Home doesn't feel like home to kids after divorce

"It doesn't feel like home."

My son sat at our old kitchen table, made unfamiliar by the new kitchen in which it was now centered.

"It's strange," I admitted. "I know it feels weird right now. But this is my new house. And it will be your house, too. Give it some time, baby. It will feel like home sooner than you think."

He and my daughter had just woken up from their first night in my new house. He'd just told me that he'd woken up in a bad mood, but he didn't know why.

I knew exactly why.

A month ago, I had left their father, and our home of the last eight years. The only home my kids ever remember having. And now, all of a sudden, mama lives somewhere else.

It doesn't matter why I left. Suffice it to say that 18 years is a long time to spend with someone, especially considering that when I met that someone, I was still very much a child. We grew up, we grew apart. It happens.

My husband and I agreed to a 50/50 custody split, alternating one week on, and one week off. And following a series of events that was damn near miraculous, I found the perfect home within a matter of weeks.

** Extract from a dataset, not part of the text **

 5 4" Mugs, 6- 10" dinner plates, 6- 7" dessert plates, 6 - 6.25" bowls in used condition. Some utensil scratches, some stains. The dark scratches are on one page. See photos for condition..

But, no one asked my kids if this was what they wanted. No one asked them how they'd feel about mama and daddy breaking up.

We told them it was for grown up reasons, things they wouldn't yet understand. And we try hard every day to remind them, that through all of this, those two precious things are the most important things to us. And every move we make is to ensure that they feel secure, and are well-cared for, and loved.

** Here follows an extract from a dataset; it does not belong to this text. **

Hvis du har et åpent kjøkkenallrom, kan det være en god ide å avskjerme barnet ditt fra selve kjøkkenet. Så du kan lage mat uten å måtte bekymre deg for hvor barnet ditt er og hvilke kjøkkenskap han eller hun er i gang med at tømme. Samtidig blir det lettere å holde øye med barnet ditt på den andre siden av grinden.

We did our best to keep our problems hidden from them. We fought behind closed doors, and cried our tears in silence.

In front of them, we were happy. We were loving and caring and considerate to one another.

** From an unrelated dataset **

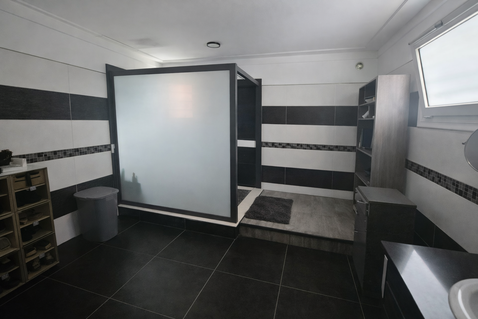 Au rez-de-chaussée, les espaces de vie ont été pensés pour allier confort et convivialité :une salle à manger élégante ouverte sur une varangue fermée, un séjour convivial, ainsi qu'une cuisine fonctionnelle parfaitement intégrée.

They never saw the hurt we'd caused one another, they didn't know of the resentments that stacked one upon the other, until it all came crashing down.

No one asked them. And I'm sure that has to hurt on some level, that their lives were so unceremoniously ripped apart in front of their very eyes, with no warning or preparation. They had no idea.

When my parents divorced, Mom had custody. Dad had visitation. It was always "Dad's house". I never felt at home there. There were rules I didn't know. Food I couldn't eat. Things I couldn't touch. So when I made this move to a new place, I made a vow that my babies would see this place as every bit their home as the home I left.

But here we sit, in my new kitchen, in my new house, and my son politely asks if he can have a bottle of water, or a snack from the pantry.

And I can't help but feel my heart break over his uncertainty.

"Baby. You can have whatever you like. You don't have to ask. This is your home, too."